--- Recorded information ---
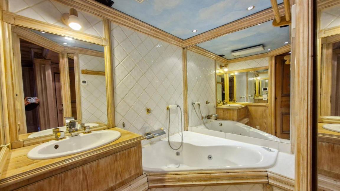 Fläche von ungefähr 100 m². 6te Etage. Orientierung : Süd-West. Wohnzimmer mit 2 Schlafsofa (120*190), , TV. Schlafzimmer mit Doppelbett (140). Schlafzimmer mit Doppelbett (160), TV. offener Schlafbereich mit 2 Stockbetten. mit Backofen, Waschmaschine, Geschirrspülmaschine, Mikrowellenherd, 2 Glaskeramikkochfelder. Badezimmer. Waschräume mit WC. WC. Terrasse. Sauna. Die oberen Betten sind nicht für Kinder unter 6 Jahren geeignet.
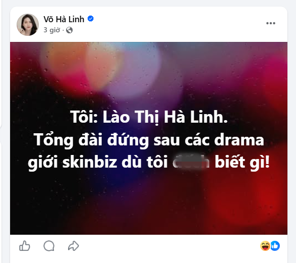 Mới đây, Võ Hà Linh gây chú ý khi đăng tải dòng trạng thái trên trang Facebook chính thức có tích xanh, phủ nhận việc liên quan đến các lùm xùm trong giới kinh doanh mỹ phẩm. Trong bài viết, cô hài hước tự nhận mình là “tổng đài đứng sau các drama skinbiz dù không hề hay biết”.
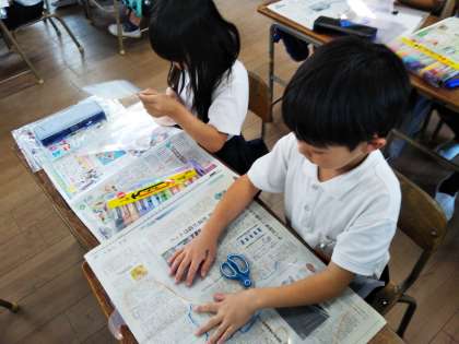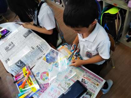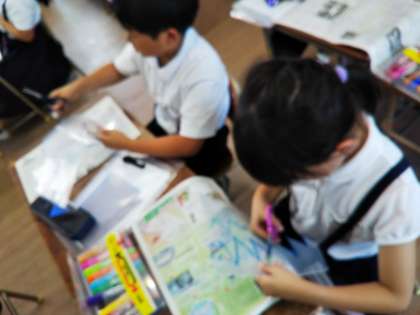 「とうめいファイルの大へんしん」というテーマで、透明ファイルを使って工作をしていました。
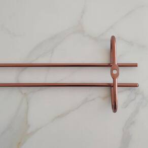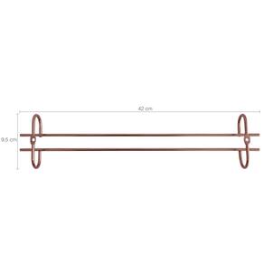 Garantia: 90 Dias / Peso: 1,78Kg / Cor: Rose gold / Ref: 83071X10 Dimensões de cada: 42cm (C) x 9,5cm (L) x 4cm (A) Distância entre os parafusos: 35cm Distância das hastes: 2cm Abertura para base da taça: 8cm Conteúdo: 10 Suportes.

--- Task goal ---
The material above must be set down word for word, with no picture carried over.

--- Exercise solution ---
 Fläche von ungefähr 100 m². 6te Etage. Orientierung : Süd-West. Wohnzimmer mit 2 Schlafsofa (120*190), , TV. Schlafzimmer mit Doppelbett (140). Schlafzimmer mit Doppelbett (160), TV. offener Schlafbereich mit 2 Stockbetten. mit Backofen, Waschmaschine, Geschirrspülmaschine, Mikrowellenherd, 2 Glaskeramikkochfelder. Badezimmer. Waschräume mit WC. WC. Terrasse. Sauna. Die oberen Betten sind nicht für Kinder unter 6 Jahren geeignet.
 Mới đây, Võ Hà Linh gây chú ý khi đăng tải dòng trạng thái trên trang Facebook chính thức có tích xanh, phủ nhận việc liên quan đến các lùm xùm trong giới kinh doanh mỹ phẩm. Trong bài viết, cô hài hước tự nhận mình là “tổng đài đứng sau các drama skinbiz dù không hề hay biết”.
 「とうめいファイルの大へんしん」というテーマで、透明ファイルを使って工作をしていました。
 Garantia: 90 Dias / Peso: 1,78Kg / Cor: Rose gold / Ref: 83071X10 Dimensões de cada: 42cm (C) x 9,5cm (L) x 4cm (A) Distância entre os parafusos: 35cm Distância das hastes: 2cm Abertura para base da taça: 8cm Conteúdo: 10 Suportes.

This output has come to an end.